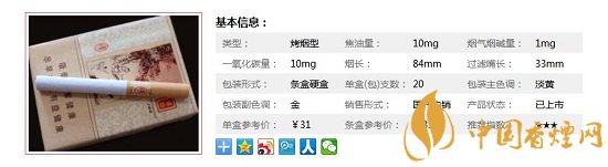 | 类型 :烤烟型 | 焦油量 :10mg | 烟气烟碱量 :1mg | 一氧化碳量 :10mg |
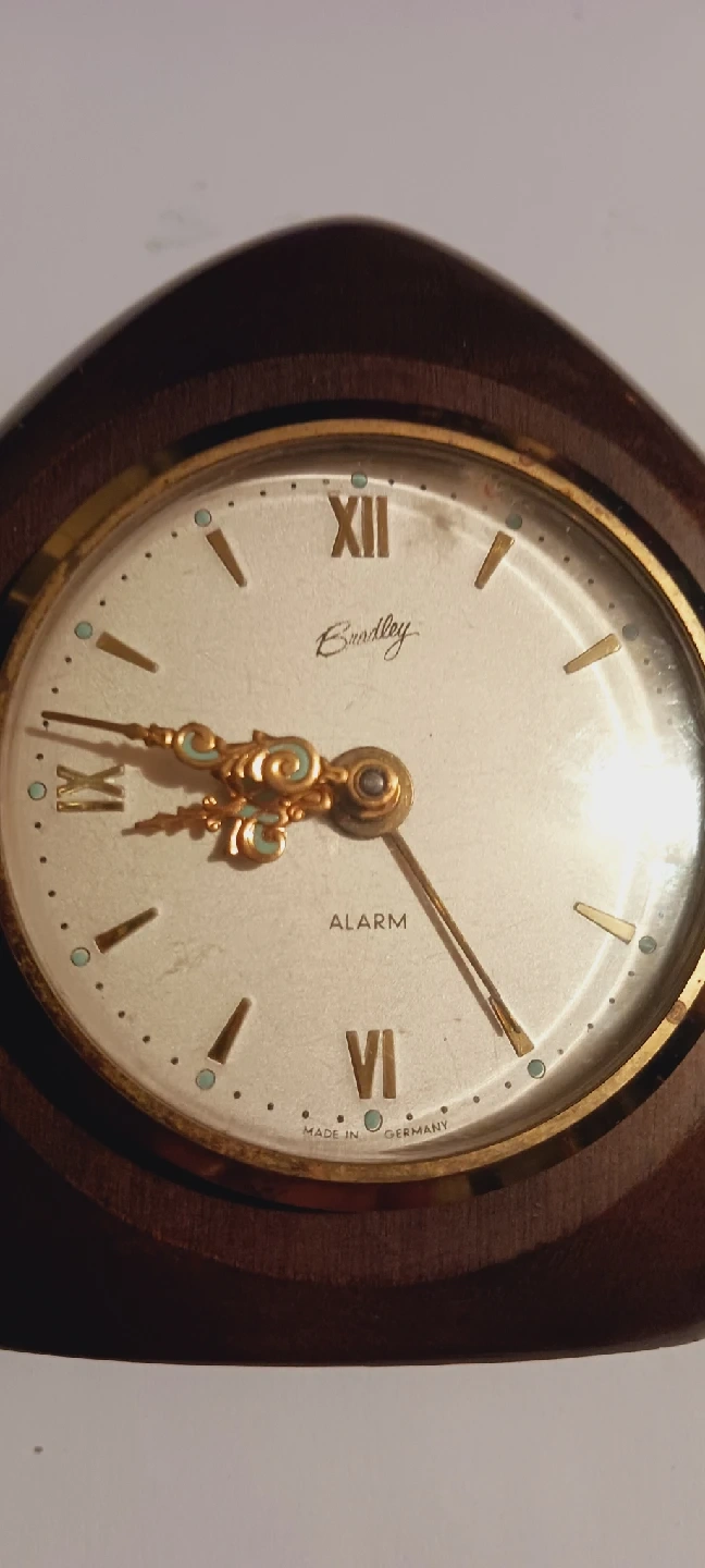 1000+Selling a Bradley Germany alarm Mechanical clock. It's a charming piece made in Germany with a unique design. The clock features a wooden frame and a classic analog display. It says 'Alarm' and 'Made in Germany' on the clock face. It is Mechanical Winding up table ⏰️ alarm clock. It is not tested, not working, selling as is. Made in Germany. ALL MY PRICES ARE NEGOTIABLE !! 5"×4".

...

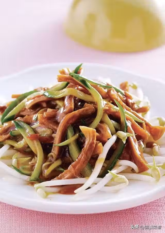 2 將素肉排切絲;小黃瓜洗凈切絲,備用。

To do —
Extract, without any images, the part of the material above that opens with the line containing "一氧化碳量 :10mg |" and closes with the line containing "1000+Selling a Bradley", both lines included.

Answer to this exercise —
 | 类型 :烤烟型 | 焦油量 :10mg | 烟气烟碱量 :1mg | 一氧化碳量 :10mg |
 1000+Selling a Bradley Germany alarm Mechanical clock. It's a charming piece made in Germany with a unique design. The clock features a wooden frame and a classic analog display. It says 'Alarm' and 'Made in Germany' on the clock face. It is Mechanical Winding up table ⏰️ alarm clock. It is not tested, not working, selling as is. Made in Germany. ALL MY PRICES ARE NEGOTIABLE !! 5"×4".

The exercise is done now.